Task objective: The lines to return run from the one containing "OPN, full-length OPN, n-half" through the end of the material; give them exactly and leave out the pictures.

Supplied information:

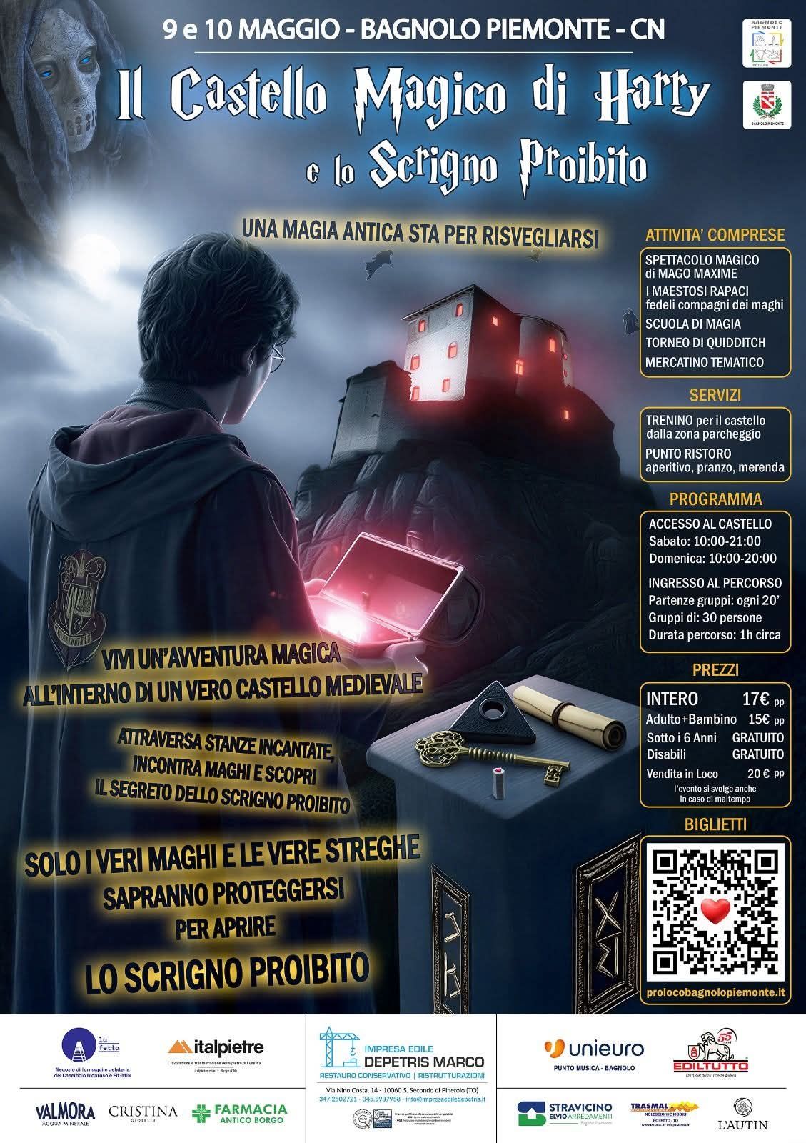 Il fascino del mondo magico sta per avvolgere la provincia di Cuneo. Il 9 e 10 maggio, la località di Bagnolo Piemonte ospiterà un evento imperdibile per tutti gli appassionati della saga che vede protagonista Harry Potter, il celebre mago: "Il Castello Magico di Harry e lo Scrigno Proibito". Un'occasione unica per vivere un'avventura immersiva all'interno di un vero castello medievale, tra incantesimi, creature fantastiche e misteri da svelare.
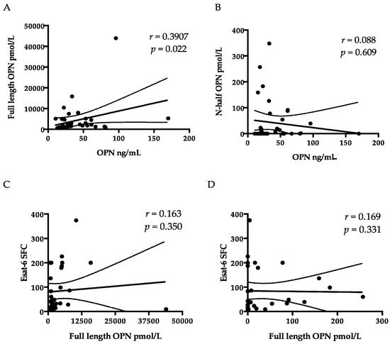 OPN, full-length OPN, n-half OPN, and ESAT-6 SFC count in TB patients. A comparison of plasma levels of OPN with full-length OPN (A) and with n-half OPN (B); and a comparison of ESAT-6 ELISPOT SFC counts with full-length OPN (C) and with n-half OPN (D).
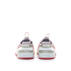 Sandalia tipo cangrejera de color blanco con detalles en gris claro y rosa para niña de la marca Mtng, modelo Free de estilo outdoor. Su diseño presenta una estructura abierta que favorece la transpiración, cordones elásticos ajustables con tope para facilitar el cierre y un refuerzo en la puntera que ofrece mayor protección. Diseñado y desarrollado especialmente en colaboración con el Dr. Juanjo López, traumatólogo deportivo e infantil, para respetar el desarrollo natural del pie del niño y la niña. Gracias a su puntera ancha permite el libre movimiento de los dedos dentro del zapato. Las plantillas extraíbles facilitan comprobar si la talla del calzado es la correcta para tu hijo. Además, su fácil apertura facilita que el niño pueda descalzarse y calzarse de forma autónoma. Con certificado VEGANO sellado por INESCOP, el cual garantiza que la naturaleza química principal del material no se corresponde con fibras de origen animal.
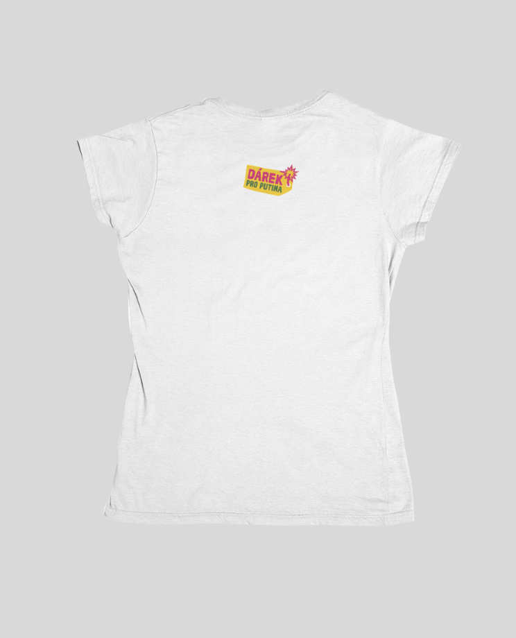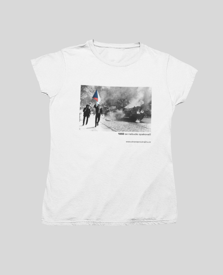 Bílé dámské tričko k letošnímu 55. výročí okupace Československa vojsky Varšavské smlouvy s fotkou, kterou během srpnových události v roce 1968 pořídil neznámý analytik CIA. O 55 let později pomáháme Ukrajině, aby se rok 1968 už nikdy nemusel opakovat.

Solution for this task:
 OPN, full-length OPN, n-half OPN, and ESAT-6 SFC count in TB patients. A comparison of plasma levels of OPN with full-length OPN (A) and with n-half OPN (B); and a comparison of ESAT-6 ELISPOT SFC counts with full-length OPN (C) and with n-half OPN (D).
 Sandalia tipo cangrejera de color blanco con detalles en gris claro y rosa para niña de la marca Mtng, modelo Free de estilo outdoor. Su diseño presenta una estructura abierta que favorece la transpiración, cordones elásticos ajustables con tope para facilitar el cierre y un refuerzo en la puntera que ofrece mayor protección. Diseñado y desarrollado especialmente en colaboración con el Dr. Juanjo López, traumatólogo deportivo e infantil, para respetar el desarrollo natural del pie del niño y la niña. Gracias a su puntera ancha permite el libre movimiento de los dedos dentro del zapato. Las plantillas extraíbles facilitan comprobar si la talla del calzado es la correcta para tu hijo. Además, su fácil apertura facilita que el niño pueda descalzarse y calzarse de forma autónoma. Con certificado VEGANO sellado por INESCOP, el cual garantiza que la naturaleza química principal del material no se corresponde con fibras de origen animal.
 Bílé dámské tričko k letošnímu 55. výročí okupace Československa vojsky Varšavské smlouvy s fotkou, kterou během srpnových události v roce 1968 pořídil neznámý analytik CIA. O 55 let později pomáháme Ukrajině, aby se rok 1968 už nikdy nemusel opakovat.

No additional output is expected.